Type-I-interferon-driven inflammation reduces gut tryptophan absorption, platelet hyperactivation depletes the body's main serotonin store, and MAO turnover increases – all plausible routes to lower circulating serotonin. Disrupted vagal signaling from this is proposed to impair hippocampal function, contributing to brain fog, memory problems, and fatigue.
Caveat: the most-cited quantitative study (Wong et al., Cell 2023) has been challenged on methodological grounds – incomplete platelet depletion may have inflated absolute values 30–60× above biological plausibility (Andres et al., J Inflamm Res 2024). A separate cohort of 457 controls found no significant serotonin reduction. The direction (lower in Long COVID) is plausible and mechanistically supported; the exact magnitude is not settled.
Intracortical inhibitory (GABAergic) signaling appears impaired in post-acute COVID syndrome, measured via MEGA-PRESS MRS in occipital cortex. Combined with excess glutamate, this points toward a cortical excitation/inhibition imbalance that may underlie hyperarousal, anxiety, and reduced inhibition of excitatory signaling.
Data: Long COVID (n=18) had significantly lower occipital GABA+/water ratio than controls (n=20), F(1,33)=6.15, p=0.018. Exact means are reported only in a figure, not extractable as text.
A 2025 review proposes cholinergic dysfunction – via impaired nicotinic acetylcholine receptor (nAChR) signaling – as a potentially central mechanism, since cholinergic tone modulates the release of dopamine, serotonin, glutamate, and GABA. This could help explain the overlapping symptom pattern (cognition, dysautonomia, fatigue) shared across Long COVID and ME/CFS.
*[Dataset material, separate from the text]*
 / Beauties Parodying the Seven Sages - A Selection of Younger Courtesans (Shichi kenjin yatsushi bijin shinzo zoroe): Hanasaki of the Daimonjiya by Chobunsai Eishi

Data: The one case-control study with a quantitative autoantibody assay (anti-muscarinic receptor M3, n=100 Long COVID vs n=20 controls) did not reach statistical significance (p>0.05), though a related beta2-adrenergic receptor autoantibody trended toward elevation (p=0.0634). Reported here transparently rather than selectively.
Signs of catecholamine dysregulation are well-documented in Long COVID dysautonomia, particularly the POTS-like phenotype: orthostatic intolerance, palpitations, and autonomic imbalance, plausibly linked to endothelial dysfunction and altered cerebral blood flow.
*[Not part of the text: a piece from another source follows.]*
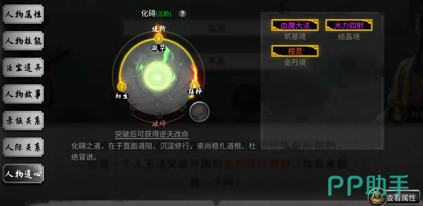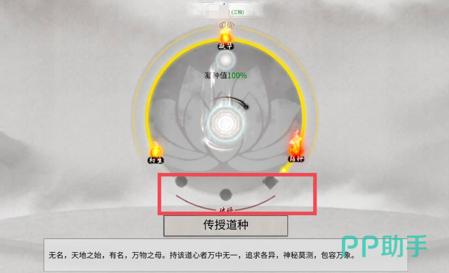 道心凝结完成后,玩家就可以在师父的指引下,将一些缺乏道心的NPC培养成未来的“英杰”,即潜在的天之骄子,游戏里简称是“天骄”。激活突破界面时,会在角色头像附近看到一朵荷花。只要这位NPC接受玩家传递的道之种子,对方就能迈入英杰的行列。

Data: No matched case-control study with clean mean±SD plasma/CSF norepinephrine (Long COVID vs healthy controls) was found. A deep-phenotyping study found 38% of Long-COVID-POTS patients (n=24) met the >600 pg/mL standing norepinephrine threshold that clinically defines "hyperadrenergic POTS" – a subset finding, not a population mean comparison.
Mast cell activation syndrome (MCAS) or mast cell hyperactivation is prevalent in a subset of Long COVID patients, plausibly driving neuroinflammation, allergic-type symptoms, cardiovascular issues, GI problems, brain fog, and fatigue. Many patients report symptomatic improvement with H1/H2 antihistamines, which is suggestive but not diagnostic of a histamine-driven mechanism.
Data: No verified case-control study with matched mean±SD plasma histamine (Long COVID vs healthy controls) was found. Elevated histamine (case series, ~34% of tested patients) and MCAS-consistent symptom prevalence are documented, but not as a population-level quantitative comparison.